TASK STATEMENT ▸ Among the entries that follow, the required portion opens with the line containing "Ο Δήμαρχος Παλαιού" and closes with the line containing "Написати відгук до". Give that portion again exactly, and nothing else.

PROVIDED DATA ▸
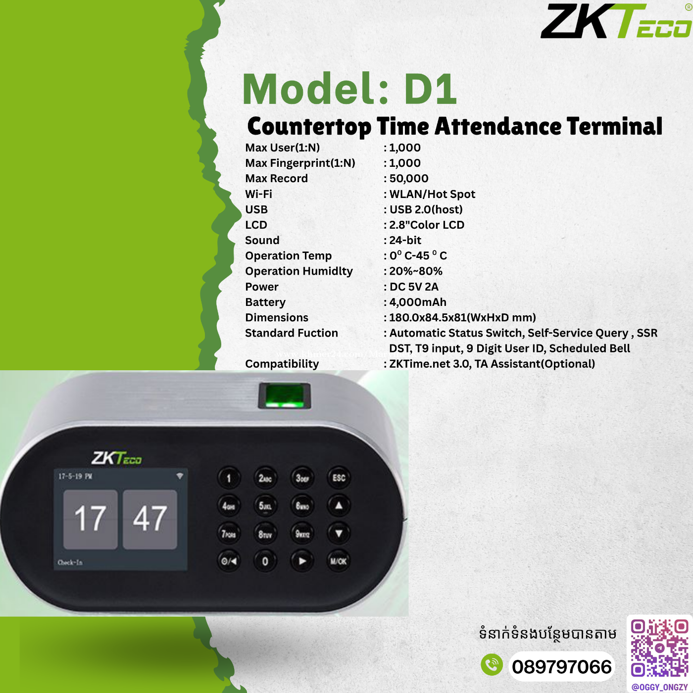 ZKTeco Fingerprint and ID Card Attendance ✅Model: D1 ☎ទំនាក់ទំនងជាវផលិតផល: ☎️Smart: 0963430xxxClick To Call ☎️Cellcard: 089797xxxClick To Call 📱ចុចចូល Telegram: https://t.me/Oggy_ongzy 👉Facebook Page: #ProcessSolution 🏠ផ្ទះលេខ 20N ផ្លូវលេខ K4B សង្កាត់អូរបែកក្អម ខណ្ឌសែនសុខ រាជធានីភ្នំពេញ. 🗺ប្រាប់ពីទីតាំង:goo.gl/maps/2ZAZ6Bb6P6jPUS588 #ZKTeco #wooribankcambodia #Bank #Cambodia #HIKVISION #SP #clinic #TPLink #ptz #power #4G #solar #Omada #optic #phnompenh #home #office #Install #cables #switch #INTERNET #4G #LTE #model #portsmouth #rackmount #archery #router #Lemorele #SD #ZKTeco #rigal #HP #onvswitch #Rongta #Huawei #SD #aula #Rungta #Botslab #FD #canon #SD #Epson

---

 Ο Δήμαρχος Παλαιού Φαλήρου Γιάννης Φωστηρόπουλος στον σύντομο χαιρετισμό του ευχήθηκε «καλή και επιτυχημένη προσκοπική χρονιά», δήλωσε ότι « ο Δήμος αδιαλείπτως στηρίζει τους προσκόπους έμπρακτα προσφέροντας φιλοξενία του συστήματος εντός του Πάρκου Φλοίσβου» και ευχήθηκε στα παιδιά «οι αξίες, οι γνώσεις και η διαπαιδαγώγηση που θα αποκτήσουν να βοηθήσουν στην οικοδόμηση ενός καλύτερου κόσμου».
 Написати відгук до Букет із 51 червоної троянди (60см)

EXERCISE OUTPUT ▸
 Ο Δήμαρχος Παλαιού Φαλήρου Γιάννης Φωστηρόπουλος στον σύντομο χαιρετισμό του ευχήθηκε «καλή και επιτυχημένη προσκοπική χρονιά», δήλωσε ότι « ο Δήμος αδιαλείπτως στηρίζει τους προσκόπους έμπρακτα προσφέροντας φιλοξενία του συστήματος εντός του Πάρκου Φλοίσβου» και ευχήθηκε στα παιδιά «οι αξίες, οι γνώσεις και η διαπαιδαγώγηση που θα αποκτήσουν να βοηθήσουν στην οικοδόμηση ενός καλύτερου κόσμου».
 Написати відгук до Букет із 51 червоної троянди (60см)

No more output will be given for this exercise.